Ориентированный на язык, а не на сообщение, ТБ находит в себе самом разрешение этой оппозиции — он строится одновременно и линеарно, по горизонтальной временной оси, и вертикально, вне-временно[690]. Почти обязательные для Бродского переносы (enjambements), так же как и словосокращения и «метаслова» и буквоописания («Как ты жил в эти годы?» — «Как буква „г“ в „ого“» — «Темза в Челси», 1974 [II; 351]) или «О, неизбежность „ы“ в правописаньи „жизни“!» — «Декабрь во Флоренции», 1976 [II; 385]), педалируют, акцентируют именно это явление. Но такая обращенность на язык одновременно проявляется и в самоотчуждении от него, с чем связана «анонимность» автора: язык творит как бы сам по себе.
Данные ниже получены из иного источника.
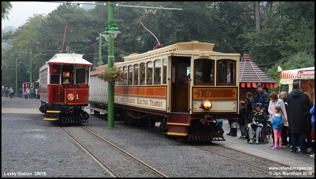 Back in Laxey station, Car No 19 is departing for Douglas while No 1 has arrived back from the Car Sheds.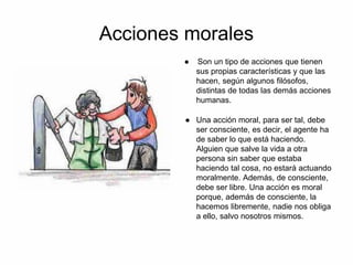 El documento trata sobre diferentes temas éticos como las acciones morales, las etapas del desarrollo moral, principios éticos como la igualdad y la justicia, y teorías éticas como el eudemonismo aristotélico, la ética hedonista, la utilitarista, y la deontología kantiana. Explica conceptos clave de la ética y compara las perspectivas de diferentes filósofos sobre la moralidad.

Разрешением и — одновременно — новым возникновением антиномий оказывается РТ. Вечность (вневременность) и время, эстетизированное (знаковое) и реальное (материальное), синтезированы в культурной мифологеме Рима вечный город, достояние истории, механизм тотального означивания реальности — превращающий предметы в символы и предполагающий за пределами установленных им границ только пустоту.
Инвариантом знаковой «тотальности» и «римской» тоталитарности выступают у Бродского своеобразно переосмысленные философемы Платона[691].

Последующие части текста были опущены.